5. The Bear Gets Stronger When We Outsource Our Safety
Relying on online strangers to confirm “you’re okay” can become a powerful dependency trap. The Bear learns to distrust your own inner compass, as if it were broken and wasn’t able to know the truth for ourselves. As if we cannot lead ourselves. Healing comes when we learn to face fear directly, with compassion, and build confidence in ourselves again. And this doesn’t happen by outsourcing our safety to others. Which, in all reality, really doesn’t happen anyway. We find so much more fear and suffering than anything remotely reassuring, despite our instinct for constant reassurance.
In the Benzo Recovery School, we have a positive community filled with people winning, reaching, healing, growing, navigating, and reclaiming their leadership. It isn’t just people saying, “hang in there! You might make it! I didn’t, but maybe you will!” Does that kind of thing really help any of us? I think not. In fact, I think it’s heartbreaking and the recipe for a slow, gradual collapse if we are not careful. We need the truth, and we need to see people winning. Healing isn’t linear, and there will inevitably be difficulties, but we can continue to push forward in our recovery. The Bear needs desperately to relearn this!

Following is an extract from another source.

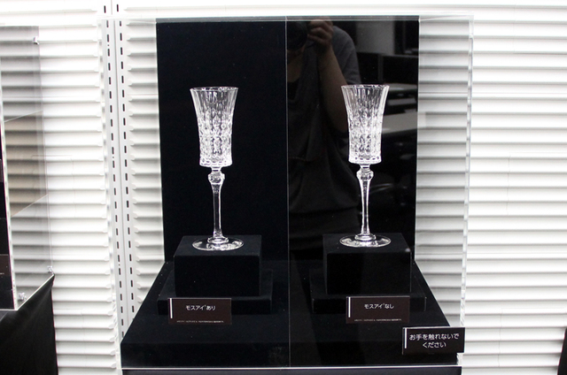 ガラスの前面にモスアイパネルを貼った面(左)と貼っていない面(右)の比較。右は映り込みがあるのに対し、左には殆どない

6. Healing Isn’t Just About Tapering. It’s About Rebuilding
You’ve heard me say this countless times before, I’m sure, and for good reason. As a benzo coach, it might sound crazy, but I see tapering as kind of being the lesser mountain we all must climb. In some ways, it’s the easier path because once you have the taper figured out, there’s not much else to it other than go extremely slow, hold on for dear life, and just keep tapering. That’s it. In that regard, healing is just a game of distance, of steps taken in a taper. The art is in white-knuckling it. Of course, that’s a terrible method if that’s all you have. And healing is certainly bigger than merely tapering.
You’re not just trying to get through a taper, my friends, you’re reinventing your nervous system, your habits, and your outlook. That’s why recovery. Must include neuroplasticity building, brain rewiring, learning to change our relationship with fear, fostering mindfulness in everything we do, working a daily checklist of recovery, mastering cognitive reframing and how to speak the Bear’s language, finding meaning and purpose again, and learning to navigate gentle graded exposure. It’s mastering the art of ‘lulling and pushing’, and rebuilding and refining ourselves on every level, mentally, physically, emotionally, and spiritually. And this is why I say healing work, I mean real recovery effort, is self-growth. It’s the most challenging, yet most rewarding work we can do.

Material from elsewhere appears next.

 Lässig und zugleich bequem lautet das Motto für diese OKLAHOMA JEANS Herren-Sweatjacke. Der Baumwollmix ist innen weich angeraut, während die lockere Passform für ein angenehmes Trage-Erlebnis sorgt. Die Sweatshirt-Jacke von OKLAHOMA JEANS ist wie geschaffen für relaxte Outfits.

And that is why you won’t only taper off the meds, which you will, but you will come out of this a better version of yourselves!
You can ensure your success in reaching your goal and remaining off the meds because you created a new neurological foundation, and succeeded in truly rewiring your brain, not just modulating GABA or Serotonin, not just trying to outrun or tranquilize the Bear. But by befriending him, you can regain your throne as a leader.